Choosing the right dividend stock by analyzing multiple factors can be complex for investors. However, recommendations from analysts can help inform investors’ research and guide them toward lucrative dividend stocks from companies with strong fundamentals.

Here are three attractive dividend stocks, according to Wall Street’s top experts on TipRanks, a platform that ranks analysts based on their past performance.


This week’s first dividend pick is beverage giant Coca-Cola (KO). Earlier this month, the company reported fourth-quarter revenue that surpassed expectations and earnings that were in line with analysts’ estimates. Higher prices helped Coca-Cola offset the weakness in North American volumes.

Coca-Cola paid $8 billion in dividends in 2023 and made net share repurchases worth $1.7 billion. The company, recently announced a nearly 5.4% increase in its quarterly dividend per share to $0.485. This increase marked the 62nd consecutive year of dividend hikes for the company. With an annual dividend of $1.94 per share, KO stock offers a yield of more than 3%.

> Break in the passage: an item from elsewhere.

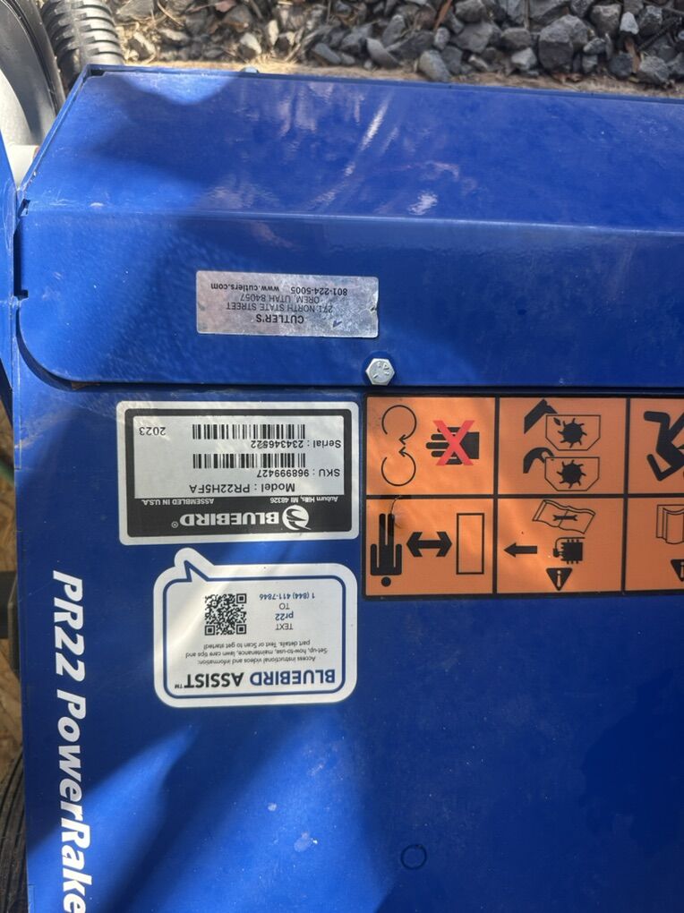 2023 BlueBird Powerrake $1800 (Honda Gx)\

Following the Q4 2023 results, RBC Capital analyst Nik Modi reiterated a buy rating on Coca-Cola stock with a price target of $65. The analyst noted that KO’s organic revenue growth was fueled by the impressive rise in pricing and resilient volumes, with the company exceeding the organic growth expectations for five out of six segments.

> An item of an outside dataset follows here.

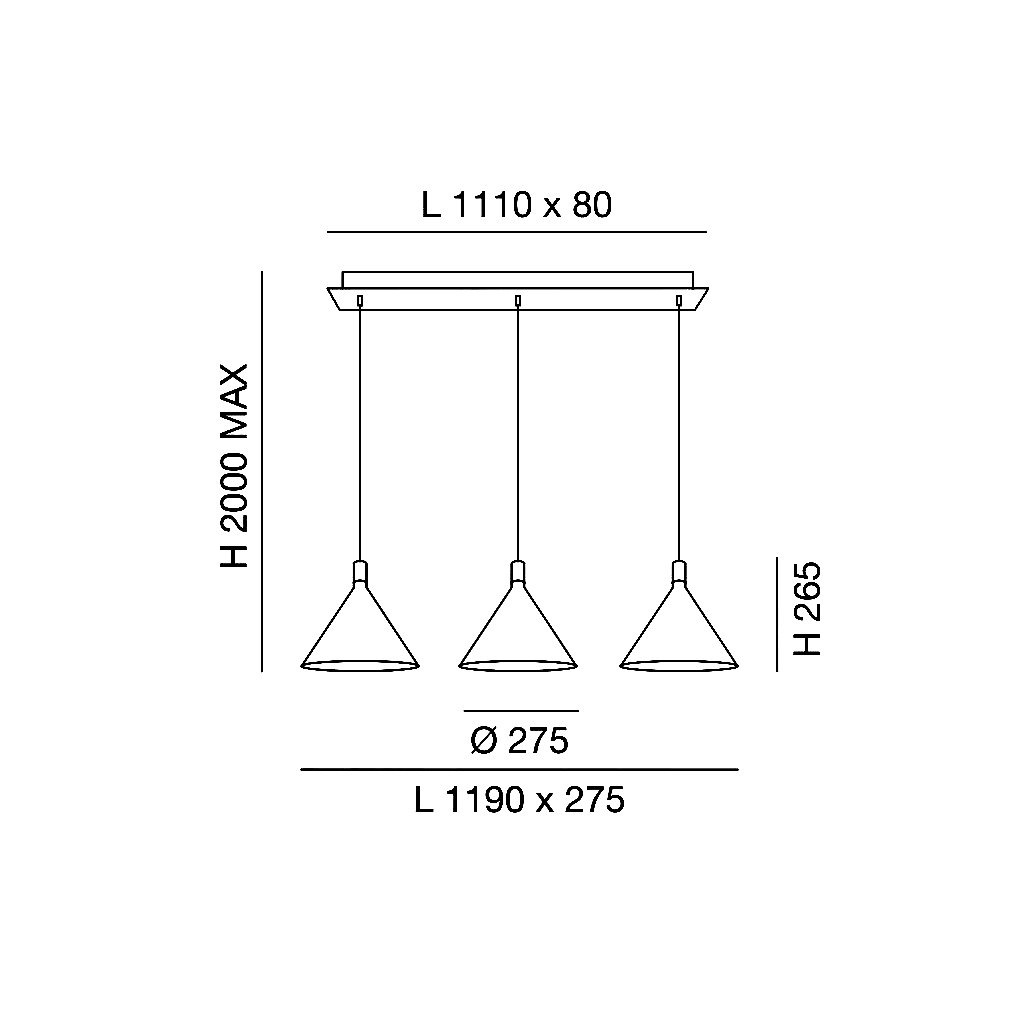 Průměr skla 27,5cm, výška skla je 26,5cm. Délka černé stropní lišty je 111cm. Délka závěsu je 200cm a při montáži je možné ho zkrátit.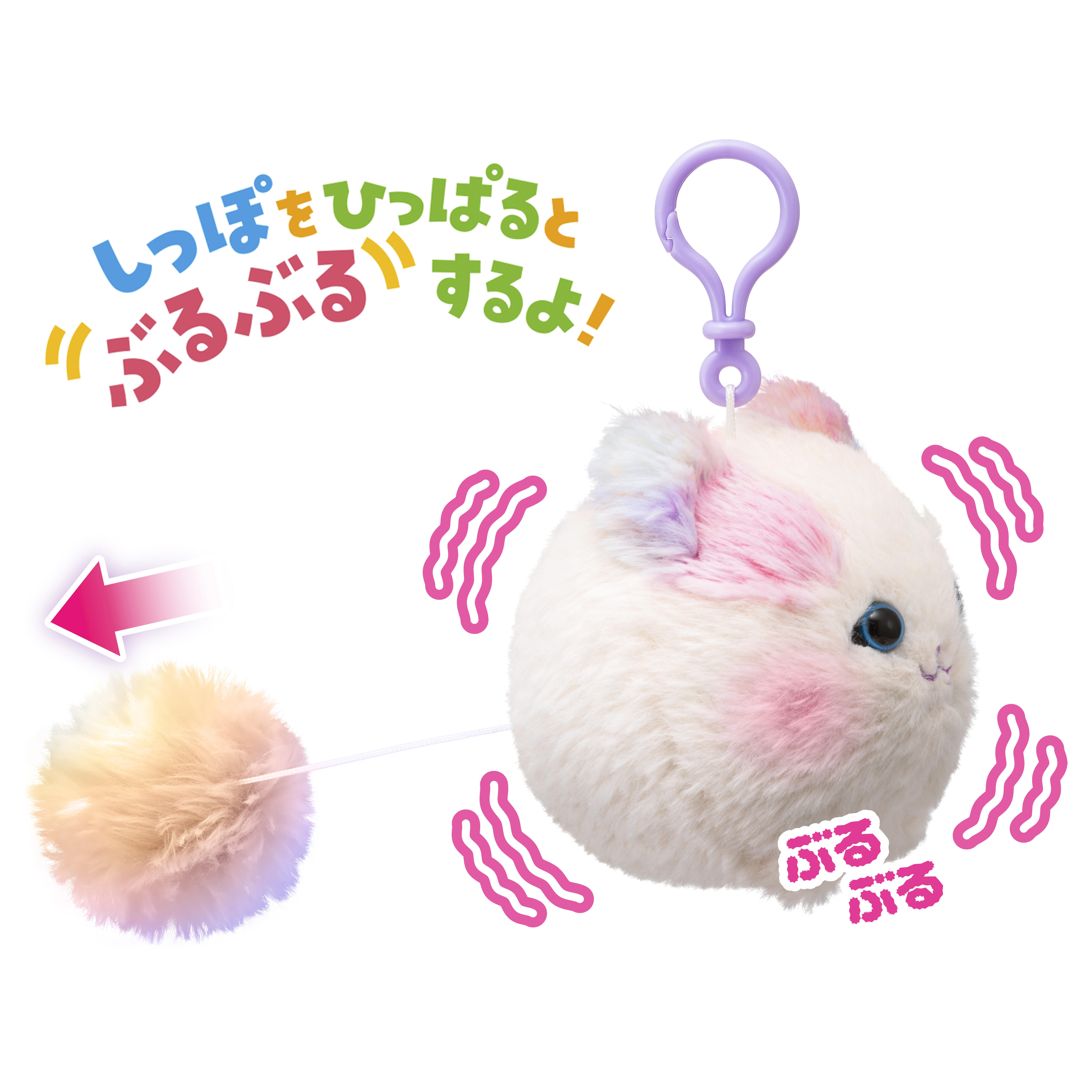 ● 虹色のしっぽを引っ張るとぶるぶる震えます。

While higher marketing investments and a strong dollar weighed on Coca-Cola’s earnings, the analyst expects the company’s fundamentals to remain robust this year.

“We believe the company’s latest restructuring and organizational design changes will facilitate better allocation of resources, which will ultimately lead to better share gains and white space expansion,” said Modi.   

Modi ranks No. 615 among more than 8,700 analysts tracked by TipRanks. His ratings have been profitable 60% of the time, with each delivering an average return of 6.3%. (See Coca-Cola Insider Trading Activity on TipRanks) 

Blue Owl Capital

Next up is Blue Owl Capital (OWL), an asset manager with assets under management of more than $165 billion as of Dec. 31, 2023. On Feb. 9, the company announced its quarterly results and declared a dividend of 14 cents a share, payable on March 5. The company also announced about a 29% hike in its annual dividend for 2024 to 72 cents per share (18 cents a share per quarter). Blue Owl has a dividend yield of 3.1%.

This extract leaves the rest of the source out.